Luckily for me, I know he loves me. The way I know this is because of the 30 seconds I get with him when I come home from work. When I walk in the door, I hear, "MOMMY!" and he comes running to give me a hug. That's when I know he loves me. That's the 30 seconds I look forward to every day. Sometimes, it is the best 30 seconds of my day.

Tuesday, February 8, 2011

Why

There are so many times that I have wanted to write about our successes and set-backs in raising a child with autism, but I didn't want our family blog to seem to be all about Darin. I didn't want stories of our struggles surrounded by stories of our kids playing minature golf and helping bake cookies. I've wanted a place to write about Darin and now with a little encouragement, I've started one.

I wanted just the right title. I tried to make it cute with alliteration, but I didn't want to make light of the situation. I also didn't want it to be too serious or clinical. This blog isn't about talking about the broad strokes of autism or the politics or medicine of autism. This blog is about my son.

You can read all of the books and studies about autism. Sometimes they just don't help. My child is unique, just like every child is unique. Maybe something I write here will help someone I know understand how I raise my child. Maybe something I write here will give someone else an idea of how to help their child, autistic or not. Maybe something I write here will touch someone who needs it.

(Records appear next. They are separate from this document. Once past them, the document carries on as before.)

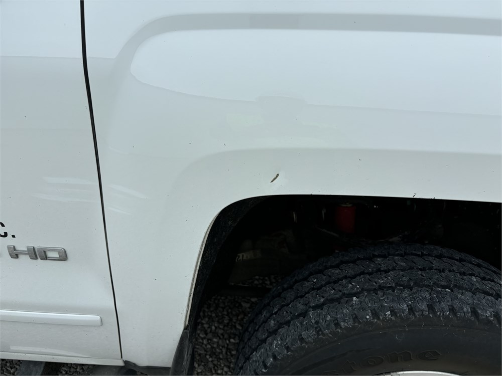 Equipment: 6.0L V8 Gas Engine, Automatic Transmission, 4:10 rear end, 9,500 lb. GVWR, Summit White Exterior with Dark Ash Cloth Interior, LT Fleet Plus and All Star Edition Packages, 17 Inch Wheels, Spray in Bed Liner, Remote Start, Passenger front fender damage (see pics), Company decals will be removed prior to buyer pick up
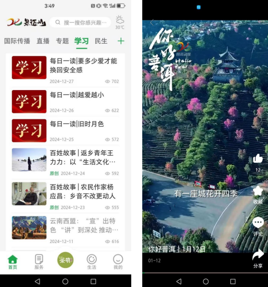 普洱市融媒体中心坚持把社会效益放在首位,积极履行社会责任,构建问政、民生服务平台,搭建政府和群众沟通的桥梁,及时刊发各类政务信息、惠民政策,做好政策解读。2024年,主要围绕党委政府中心工作,对所开展的工作、所取得的经验和成绩,以及涌现出的先进人物进行宣传。承办“中华文化边疆行——走进普洱”以及“玫瑰书香·心向未来”诗歌朗诵、“爱我国防——强国复兴有我”演讲比赛等品牌活动,影响力不断增强。推出新时代公开课这一理论宣讲特色课程,采用“音视频+故事+理论”的方式,以小切口反映大主题,用典型人物、动人故事让理论宣讲深入人心,在情理交融中,深刻阐述习近平新时代中国特色社会主义思想的真理伟力。
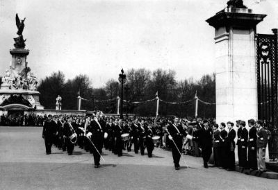 Two of the highlights for me were taking part I, with the band in 1951, in both the Royal Albert Hall Display and heading the BB parade to Buckingham Palace where the batons and Messages of the BB Festival of Britain relay run were presented to His Majesty George VI.
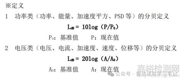 振動試驗中經(jīng)常會出現(xiàn)dB(分貝)的概念,概念定義請參考上面鏈接文章復(fù)習(xí)一下,需要注意的是它分兩種情況,一種是加速度、速度、位移、電壓、電流等使用的dB,另一種是能量、功率、PSD等使用的dB,兩者的區(qū)別是定義式前面的系數(shù)不同。一個是20,一個是10。
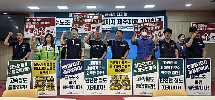 민주노총 공공운수노조 제주지역본부가 15일 제주도의회 도민의방에서 기자회견을 하고 있다. 이상민 기자

About a year ago, I had a personal revelation regarding being a parent to an autistic child and about being a parent in general. I wrote about it in my blog and soon thereafter, I had people calling me or writing to me about how they hoped they had never treated me in such a fashion. I don't write in my blog to call people to repentance. I write in my blog for a personal release of emotion. I'm not here to lecture. I'm not a perfect person and I never will be, so I'll never writing to lecture.

So, unlike things named "Sewing Made Simple" or "Cooking Made Easy", this is Autism Made Real. A blog about a real little boy and the lessons learned by this imperfect mother as she tries to be the person he needs.